= What the task requires =
Restate word for word the opening line of the data below and every line after it until the line with "一位熱心的路人幫忙撥打了12", that line too, but not the pictures.

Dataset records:
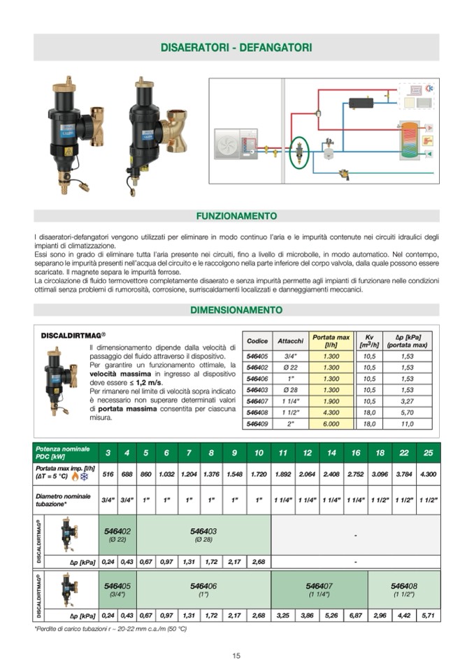 separano le impurità presenti nell’acqua del circuito e le raccolgono nella parte inferiore del corpo valvola, dalla quale possono esser
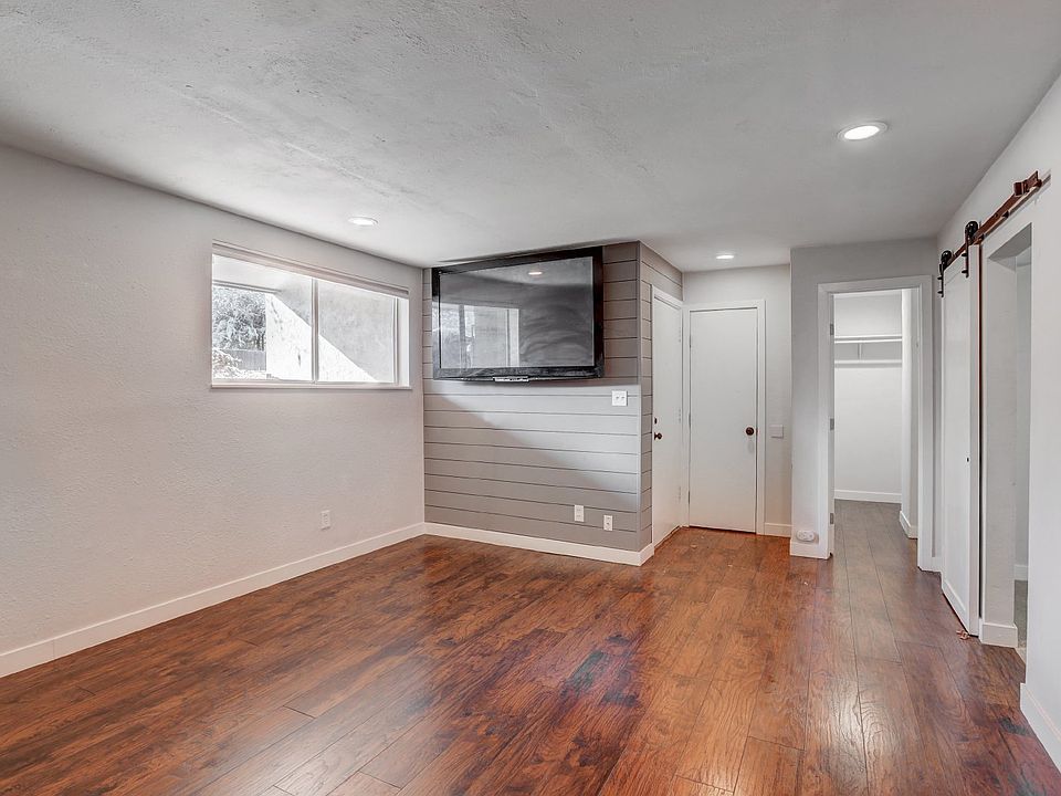 Barn style doorHuge closetUpdated and stylish bathroomNew hardwood flooringShiplap feature wall
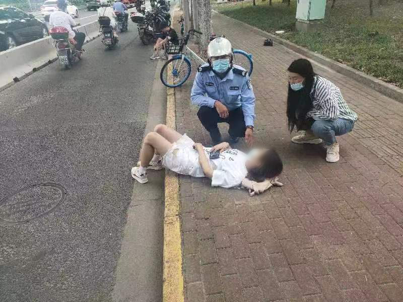 一位熱心的路人幫忙撥打了120急救電話。王團結(jié)安撫著白衣女子的情緒,讓她平躺著不要動。吳雷則守在受傷男子身旁,并將現(xiàn)場的情況報了警。
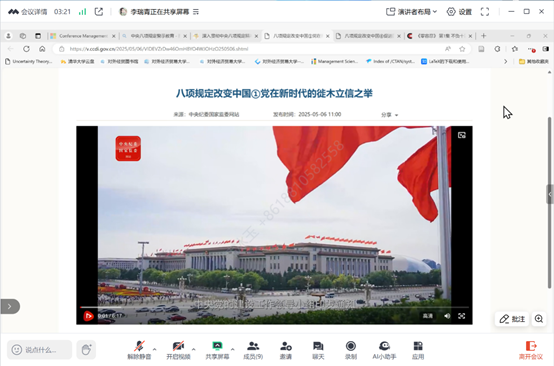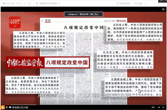 为深入贯彻全面从严治党要求,持续巩固深化作风建设成果,切实筑牢学生党员拒腐防变的思想根基,推动黄色电影 学习教育工作走深走实,5月30日,黄色电影 博士生党支部书记李瑞青通过线上方式为博士生党员讲授《小切口推动大变革:中央八项规定引领中国治理现代化》专题党课,黄色电影 博士生党支部全体党员参与学习。
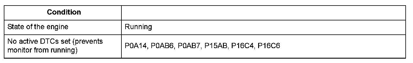 Conditions for setting the DTC
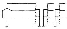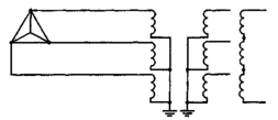 Рисунок Б.8 — Схема включения однофазных заземляемых трехобмоточных трансформаторов в трехфазных электрических сетях с изолированной нейтралью и напряжением 3 — 35 кВ

= Solution for this task =
 separano le impurità presenti nell’acqua del circuito e le raccolgono nella parte inferiore del corpo valvola, dalla quale possono esser
 Barn style doorHuge closetUpdated and stylish bathroomNew hardwood flooringShiplap feature wall
 一位熱心的路人幫忙撥打了120急救電話。王團結(jié)安撫著白衣女子的情緒,讓她平躺著不要動。吳雷則守在受傷男子身旁,并將現(xiàn)場的情況報了警。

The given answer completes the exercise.